-- DATASET EXCERPT follows --

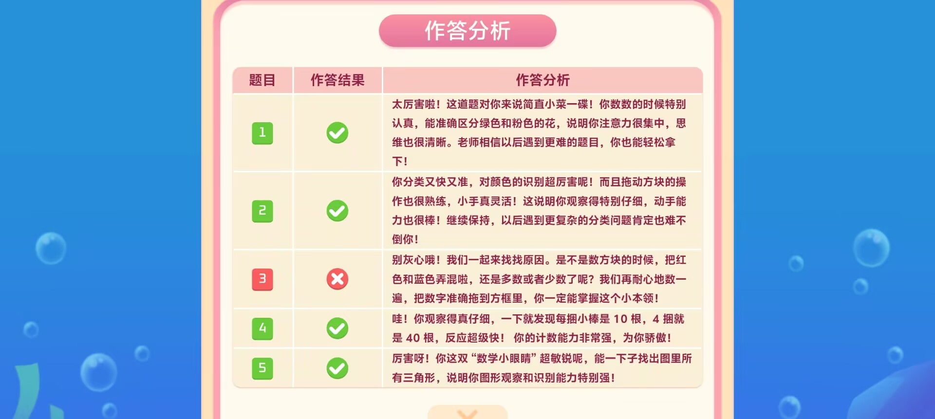 4、个性化学习报告:用户可随时查看孩子专属的个性化学习报告,以便精准掌握孩子的学习进度情况。
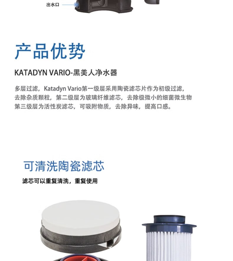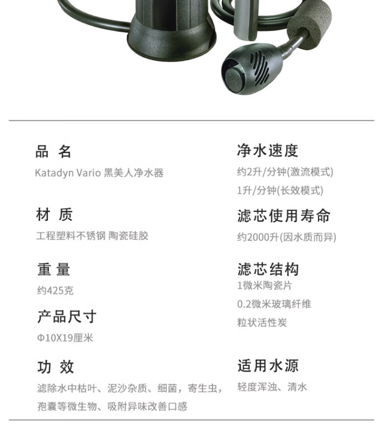 KATADYN瑞士康迪户外生存露营黑美人VARIO便携大流量净水器野外水过滤器 玻璃纤维滤芯
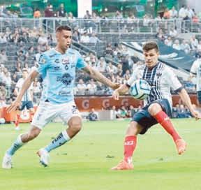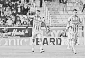 ▲ Édgar Méndez celebra con el puño en alto su primer doblete, con el que llega a tres goles en la temporada. Foto Liga Mx
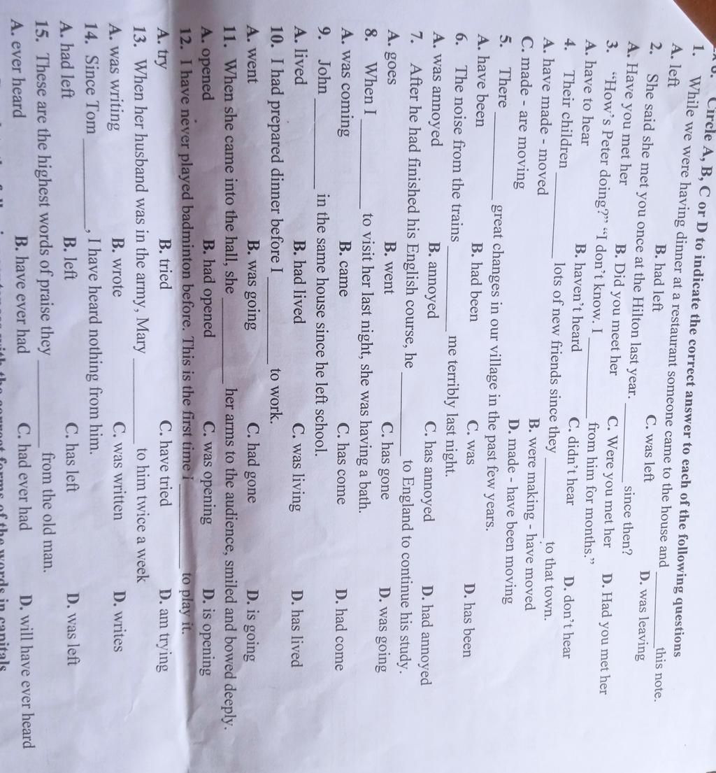 Circle A, B, C or D to indicate the correct answer to each of the following questions

-- DATASET EXCERPT concluded --

The lines needed are those from the one containing "KATADYN瑞士康迪户外生" through the end of the listing, given again word for word and without any picture.

RESULT OF THE TASK:
 KATADYN瑞士康迪户外生存露营黑美人VARIO便携大流量净水器野外水过滤器 玻璃纤维滤芯
 ▲ Édgar Méndez celebra con el puño en alto su primer doblete, con el que llega a tres goles en la temporada. Foto Liga Mx
 Circle A, B, C or D to indicate the correct answer to each of the following questions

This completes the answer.